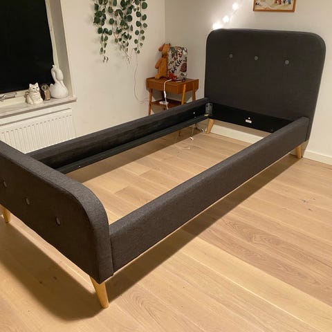 Jysk sängram beige tyg med ribbotten
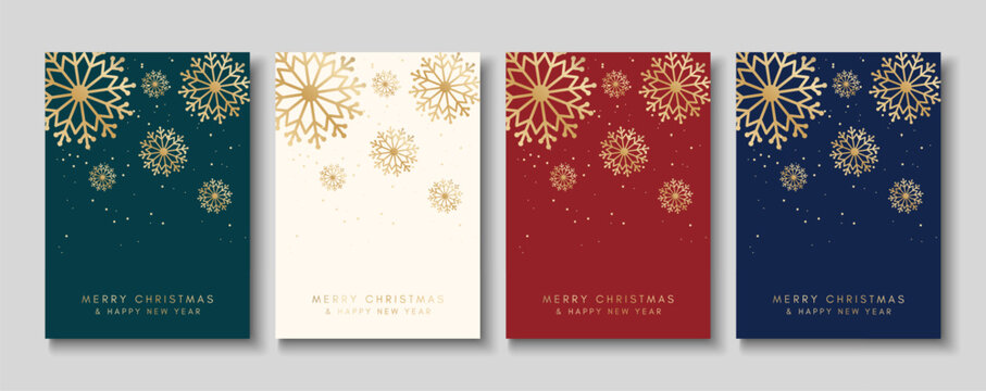 Merry Christmas and Happy New Year! Luxury brochure covers, golden snowflakes, cards, greetings, posters, holiday vector illustrations set.
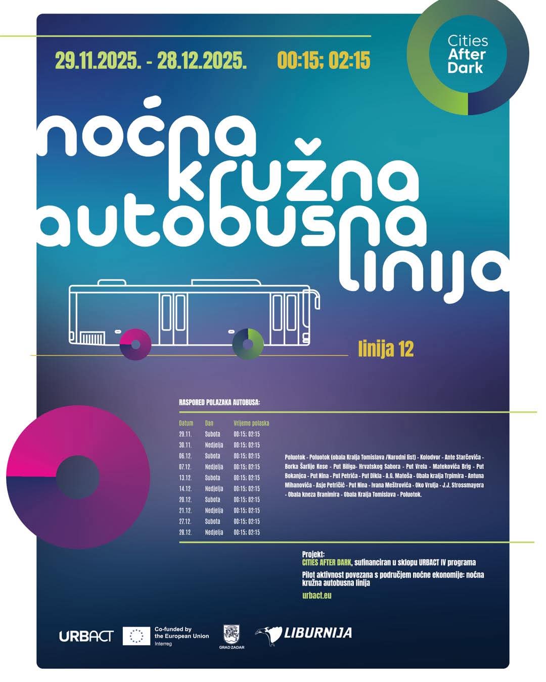 – Uvodimo noćnu autobusnu liniju u vrijeme Adventa koja je prvenstveno usmjerena na Zadranke i Zadrane, i prilagođena njihovim potrebama. Posebice se to odnosi na mlade koji ne moraju brinuti za prijevoz do kuće nakon izlaska. Prijevoz će biti besplatan, jer se troškovi pokrivaju u sklopu EU projekta, i nadam se će ova linija zaživjeti i ubuduće, i tijekom cijele godine – kazao je gradonačelnik Šime Erlić.
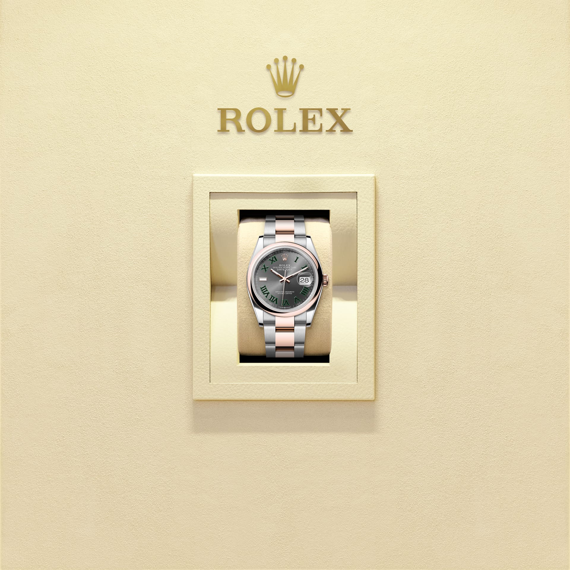 تتميز ساعة أويستر بربتشوال ديت جست ٣٦ هذه المصنوعة من فولاذ أويستر ستيل وذهب إيفروز بمينا رمادي داكن وبسوار أويستر.
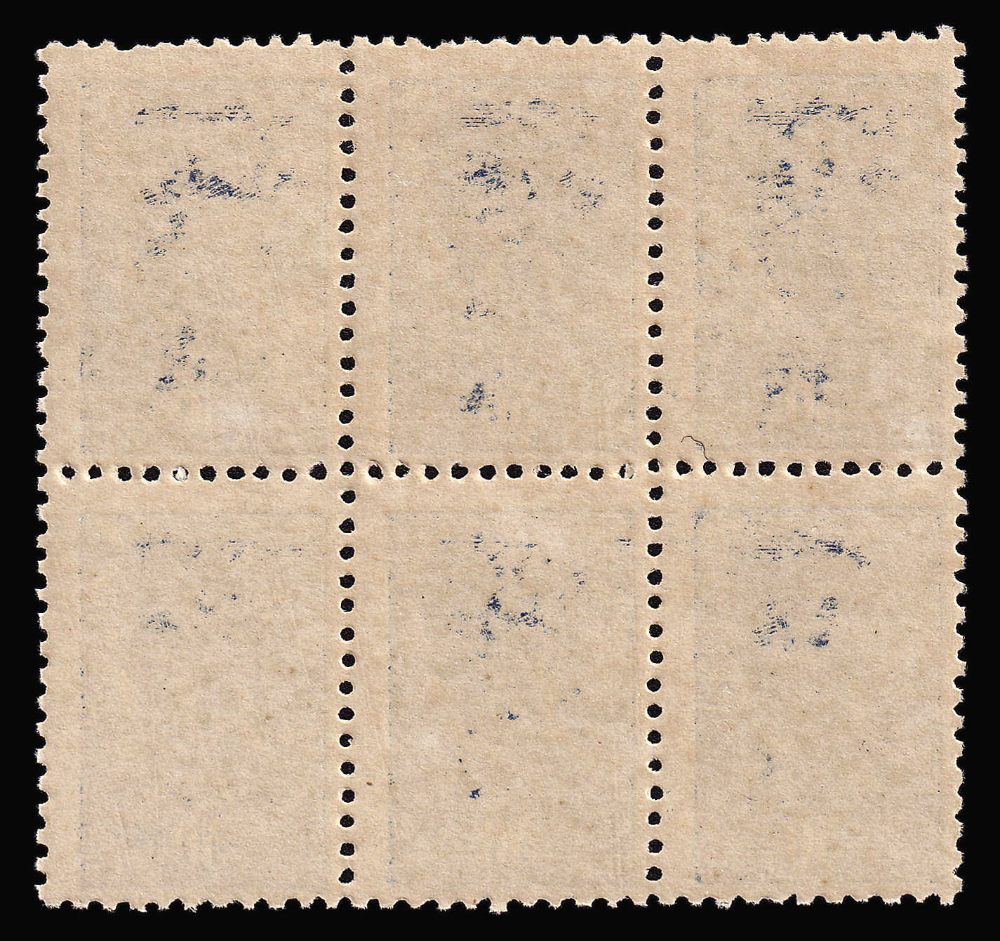 Квартблок. Кат. № 608. Цвет: синяя. Печать: типографская. Перфорация гребенчатая 11 3/4 : 12 1/4.

======

* YOUR INSTRUCTIONS
For this exercise, retype exactly, and only, the lines from the line with "gradonačelnik Šime Erlić." through the last line of the material above, both included. Pictures stay out.

* SOLUTION TO THIS TASK
 – Uvodimo noćnu autobusnu liniju u vrijeme Adventa koja je prvenstveno usmjerena na Zadranke i Zadrane, i prilagođena njihovim potrebama. Posebice se to odnosi na mlade koji ne moraju brinuti za prijevoz do kuće nakon izlaska. Prijevoz će biti besplatan, jer se troškovi pokrivaju u sklopu EU projekta, i nadam se će ova linija zaživjeti i ubuduće, i tijekom cijele godine – kazao je gradonačelnik Šime Erlić.
 تتميز ساعة أويستر بربتشوال ديت جست ٣٦ هذه المصنوعة من فولاذ أويستر ستيل وذهب إيفروز بمينا رمادي داكن وبسوار أويستر.
 Квартблок. Кат. № 608. Цвет: синяя. Печать: типографская. Перфорация гребенчатая 11 3/4 : 12 1/4.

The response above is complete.